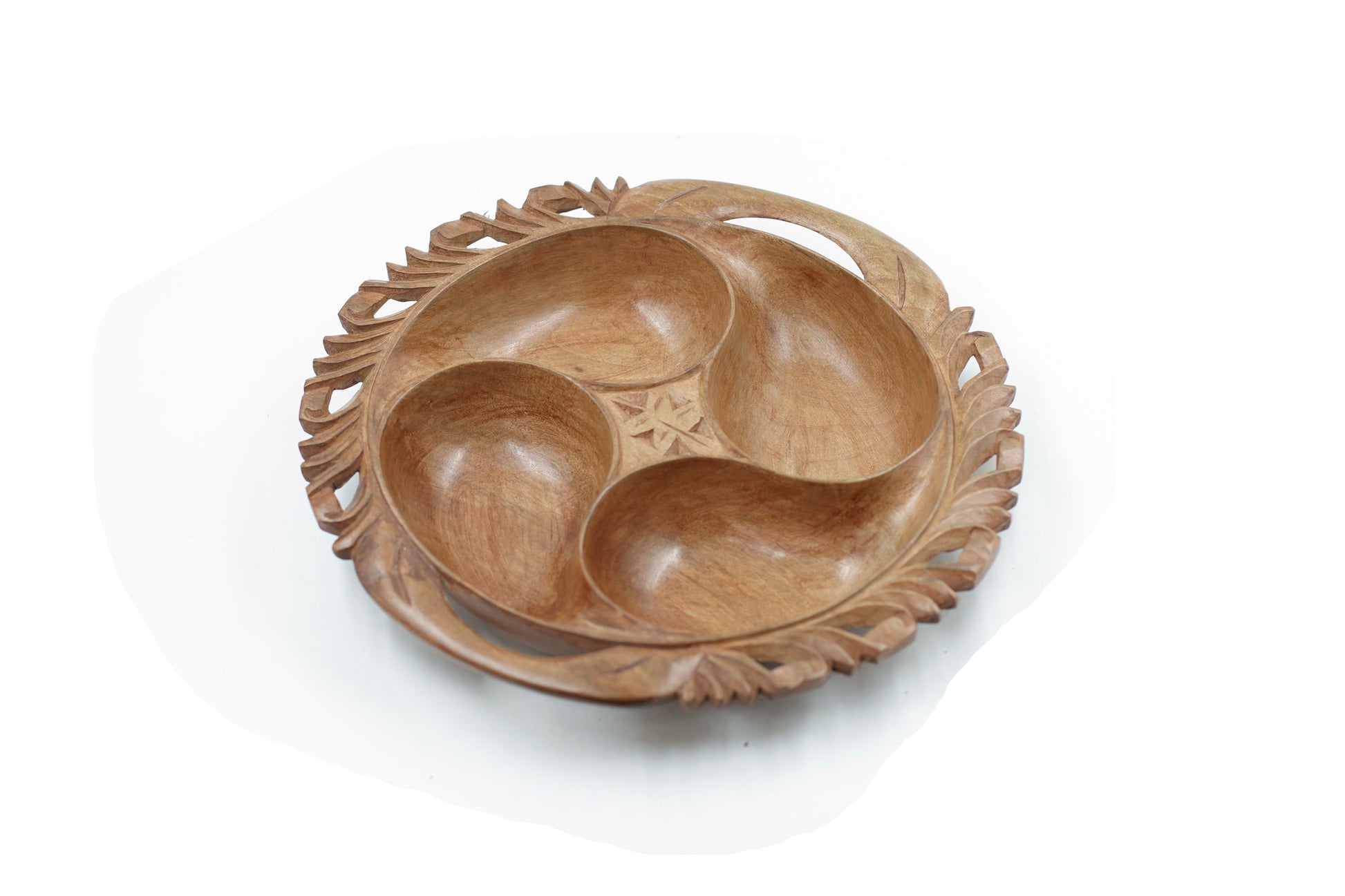 Elevate your entertaining with the ""Gourmet Paisley"" Hand-Carved Walnut Dry Fruit Tray. This exquisite serving tray is a testament to sophisticated craftsmanship, meticulously carved from rich, authentic walnut wood. The tray features a unique design with four smooth, sculpted sections, perfect for presenting a variety of dry fruits, nuts, or candies.
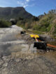 «Κίνδυνος λόγω εκτελούμενων έργων στην οδό», αναγράφεται στις δύο πινακίδες που βρίσκονται πεσμένες στο δρόμο και πλέον αποτελούν οι ίδιες κίνδυνο για τους διερχόμενους οδηγούς.
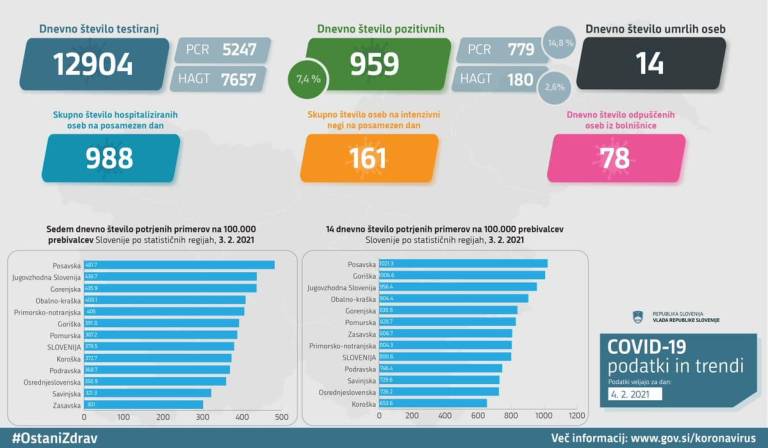 V Sloveniji so včeraj, 4. februarja, opravili 12.904 testiranj na koronavirus in potrdili 959 novih okužb, gre za 8,7-odstotni delež.
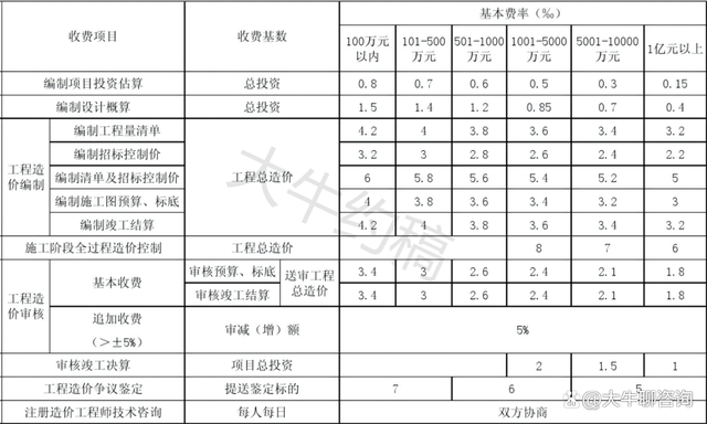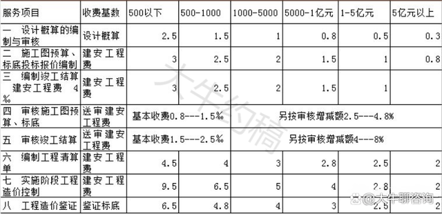 1、表中“工程預(yù)算、結(jié)算、標(biāo)底審核”和“工程量清單結(jié)算審核”項(xiàng)目的計(jì)費(fèi)方式為(1)+(2)。其中審增額向施工單位收取咨詢費(fèi),審減額向建設(shè)單位收取咨詢費(fèi)。凡工程審減率超過(guò)10%的,其超過(guò)部分咨詢費(fèi)用 施工單位承擔(dān),無(wú)審核增減額的,按基本收費(fèi)收取。咨詢服務(wù)費(fèi)一律由委托單位支付;
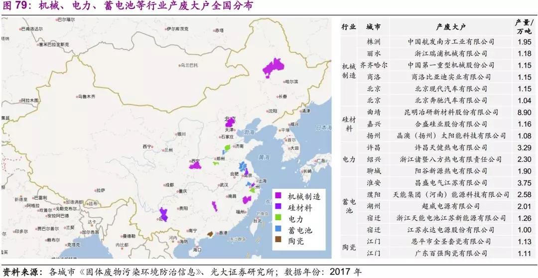 機(jī)械、電力、硅材料、蓄電池、陶瓷等細(xì)分行業(yè)分布較為廣泛。通常情況下,單廠危廢產(chǎn)量較小,進(jìn)入各市《固體廢物污染環(huán)境防治公告》的企業(yè)較少。而通過行業(yè)中體量較大的企業(yè),則可以推測出整體產(chǎn)廢水平。如機(jī)械行業(yè),齊齊哈爾中國第一重型機(jī)械股份公司2017年危廢產(chǎn)量1.2萬噸;蓄電池行業(yè),湖州超威電源有限公司2017年產(chǎn)危廢2萬噸。
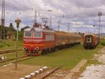 Locomotive 45 182 is about to enter the station of Voluyak with a freight train from Dragoman. The elevated track in the background is the line from Voluyak to Razmenna and Pernik. 28 April 2007
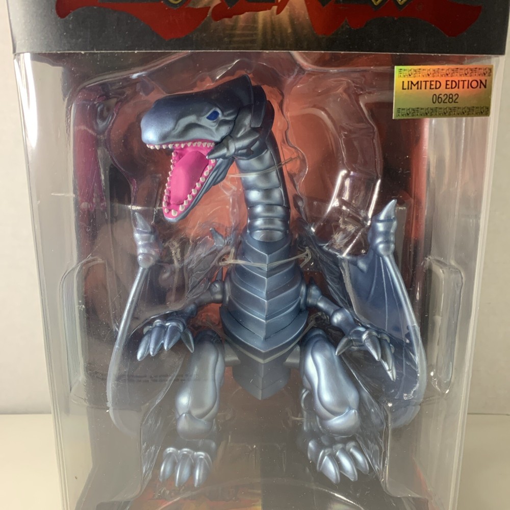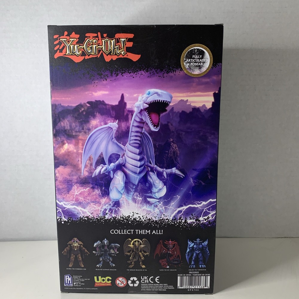 The Yu-Gi-Oh! Blue Eyes White Dragon Action Figure is part of the Limited Edition Series 1 by PhatMojo. This 1:12 scale plastic figure features the iconic character Blue Eyes White Dragon from the Yu-Gi-Oh! franchise. The action figure is designed as an Animator Doll model, representing the TV show and movie theme. It is a collectible item suitable for ages 14 and up, showcasing intricate details and boxed packaging for display.
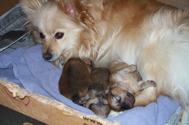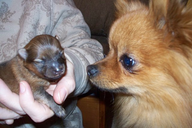 My Aunt Vickie’s Pomeranians has puppies!!!! They are just as tiny as can be, they had three puppies that are healthy and a very good mommy. Plus my 5 foot tall aunt has tiny hands.
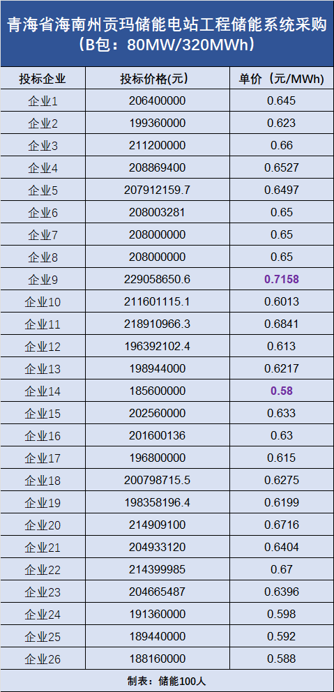 B包:容量為80MW/320MWh,共吸引了26家企業(yè)投標(biāo),最低報(bào)價(jià)為0.58元/Wh,最高報(bào)價(jià)為0.7158元/Wh。(投標(biāo)報(bào)價(jià)詳情見(jiàn)下圖)

——————————

▸ **YOUR OBJECTIVE**: Every line above from the one with "Locomotive 45 182" down to the one with "The Yu-Gi-Oh! Blue" must be written out exactly, and no picture may appear.

▸ **PROBLEM SOLUTION**:
 Locomotive 45 182 is about to enter the station of Voluyak with a freight train from Dragoman. The elevated track in the background is the line from Voluyak to Razmenna and Pernik. 28 April 2007
 The Yu-Gi-Oh! Blue Eyes White Dragon Action Figure is part of the Limited Edition Series 1 by PhatMojo. This 1:12 scale plastic figure features the iconic character Blue Eyes White Dragon from the Yu-Gi-Oh! franchise. The action figure is designed as an Animator Doll model, representing the TV show and movie theme. It is a collectible item suitable for ages 14 and up, showcasing intricate details and boxed packaging for display.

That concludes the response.